**What needs to be done**
Please retype the entries below exactly, only from their first line through the line containing "2021년 8월 22일 예배본문 & 교회소식 페이지", leaving every picture out.

**Data**
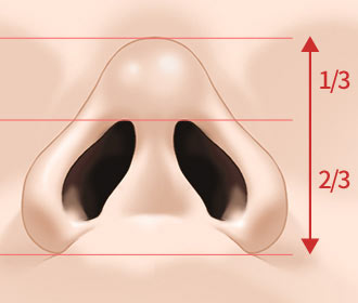 鼻の先が広く見える場合。 - 鼻が顔の比率に合わないように、
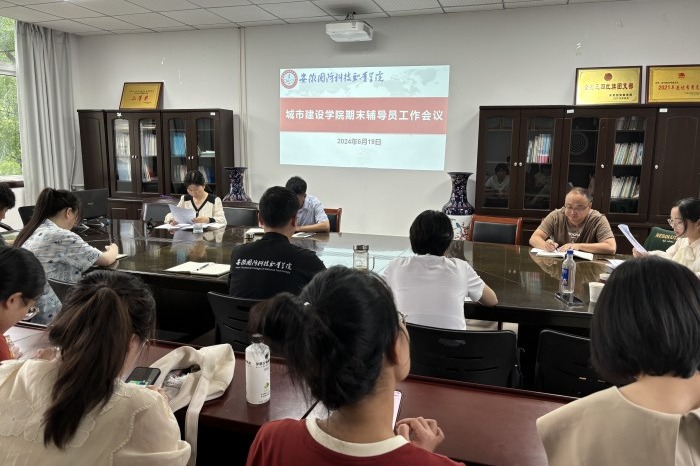 本网讯(城市建设学院 韩润芝)为做好期末相关工作,加强期末学生安全教育,确保本学期学生工作顺利完成,6月19日,城市建设学院在知行楼319会议室召开了期末辅导员工作会议。会议由城市建设学院党总支副书记叶高洁主持,学院党总支书记张宗江和全体辅导员参加了会议。
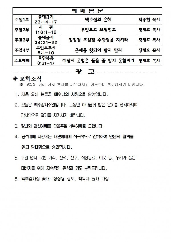 2021년 8월 22일 예배본문 & 교회소식 페이지 정보 작성자 성은교회 작성일21-08-20 17:41 조회6,252회 관련링크 이전글 다음글 목록 본문 2021년 8월 22일 예배본문 & 교회소식 이전글 다음글 목록
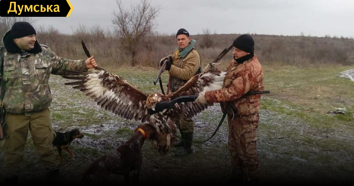 В сети появилось фото одесских полицейских на охоте, которые держат убитого краснокнижного беркута.
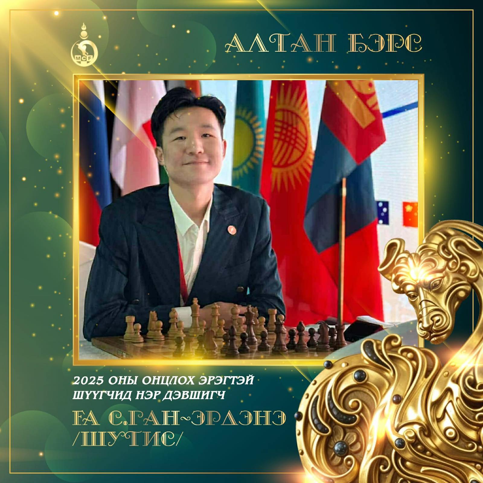 Монголын Шатрын Холбооноос нэр дэвшиж Алтан бэрс наадмын “2025 оны онцлох эрэгтэй шүүгч” шагналыг хүртсэн Л.Чойжилмаа зөвлөх багштай ГХС-ийн хятад хэлний 1-р курсийн оюутан С.Ган-Эрдэнэдээ талархал илэрхийлж цаашдын сурлага, хөдөлмөрт амжилт хүсье.
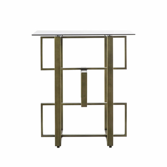 A stunning geometric metal base in a bronze finish paired with smoked glass tops create the contemporary, eye-catching Thornton Side...View item details
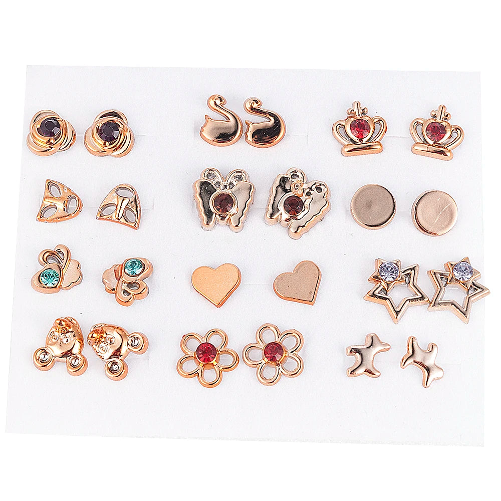 Includes 12–36 pairs of stud earrings in a variety of random stylesElegant flower designs with sparkling diamante detailsGold color finish enhances the overall aestheticLightweight and comfortable for all-day wearPerfect gift for birthdays, holidays, or special occasions for jewelry loversGreat for adding a pop of sparkle to casual or formal outfits
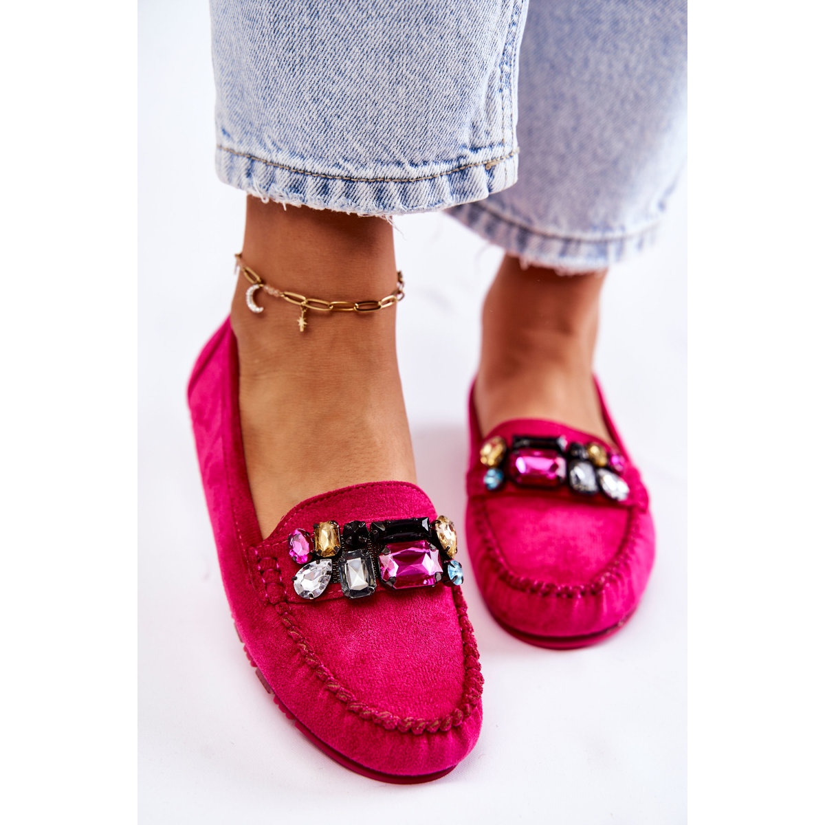 Découvrez l'élégance et le confort avec les mocassins en daim fuchsia Janetta pour femmes de PS1. Fabriquées en éco-daim de haute qualité, ces chaussures allient un style classique avec une touche moderne. Il y a des pierres décoratives sur le devant des mocassins, qui leur donnent un caractère et un éclat uniques.
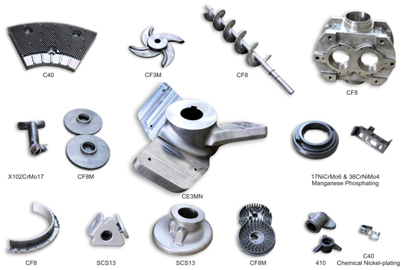 Maschinenteile für die Automobil-, Textil- und Maschinenindustrie.

**Result for this task**
 鼻の先が広く見える場合。 - 鼻が顔の比率に合わないように、
 本网讯(城市建设学院 韩润芝)为做好期末相关工作,加强期末学生安全教育,确保本学期学生工作顺利完成,6月19日,城市建设学院在知行楼319会议室召开了期末辅导员工作会议。会议由城市建设学院党总支副书记叶高洁主持,学院党总支书记张宗江和全体辅导员参加了会议。
 2021년 8월 22일 예배본문 & 교회소식 페이지 정보 작성자 성은교회 작성일21-08-20 17:41 조회6,252회 관련링크 이전글 다음글 목록 본문 2021년 8월 22일 예배본문 & 교회소식 이전글 다음글 목록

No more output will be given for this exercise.